E Oliveira Lucas Emanuel Silva, Gumiel Yohan Bonescki, Dos Santos Arnon Bruno Ventrilho, Cintho Lilian Mie Mukai, Carvalho Deborah Ribeiro, Hasan Sadid A, Moro Claudia Maria Cabral
Health Technology Program, Pontifical Catholic University of Paraná, Curitiba, PR, Brazil.
AI Lab, Philips Research North America, Cambridge, MA, USA.
Stud Health Technol Inform. 2019 Aug 21;264:123-127. doi: 10.3233/SHTI190196.

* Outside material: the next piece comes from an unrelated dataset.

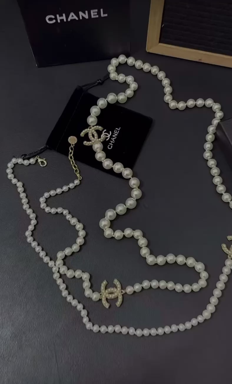 The Pearl CC Long Necklace is a refined statement piece designed for women who appreciate effortless elegance. Crafted to enhance both casual and formal outfits, this necklace features luminous pearls paired with a graceful CC-inspired design that adds a touch of sophistication. Whether layered with other jewelry or worn alone, the Pearl CC Long Necklace brings classic beauty and modern style together in perfect harmony.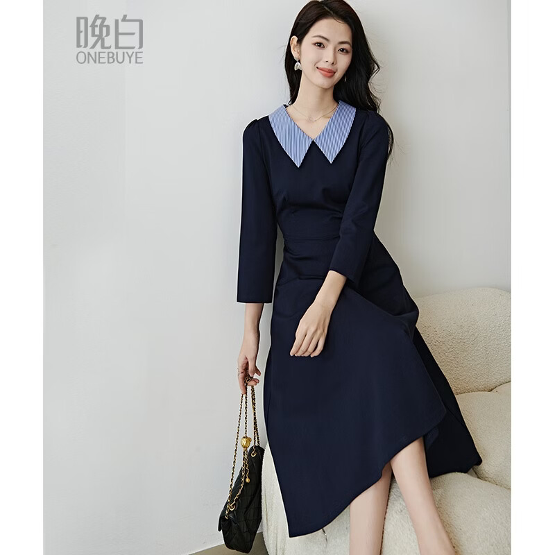 晚白2026年春款撞色拼接衬衫领裙子遮胯显瘦职场通勤带口袋减龄连衣裙 深蓝色 XL

In this paper, we trained a set of Portuguese clinical word embedding models of different granularities from multi-specialty and multi-institutional clinical narrative datasets. Then, we assessed their impact on a downstream biomedical NLP task of Urinary Tract Infection disease identification. Additionally, we intrinsically evaluated our main model using an adapted version of Bio-SimLex for the Portuguese language. Our empirical results showed that the larger, coarse-grained model achieved a slightly better outcome when compared with the small, fine-grained model in the proposed task. Moreover, we obtained satisfactory results with Bio-SimLex intrinsic evaluation.
在本文中,我们从多专业、多机构的临床叙事数据集中训练了一组不同粒度的葡萄牙语临床词嵌入模型。然后,我们评估了它们对尿路感染疾病识别这一下游生物医学自然语言处理任务的影响。此外,我们使用葡萄牙语版的Bio-SimLex改编版本对我们的主要模型进行了内在评估。我们的实证结果表明,在所提出的任务中,较大的粗粒度模型与较小的细粒度模型相比取得了略好的结果。此外,我们在Bio-SimLex内在评估中获得了令人满意的结果。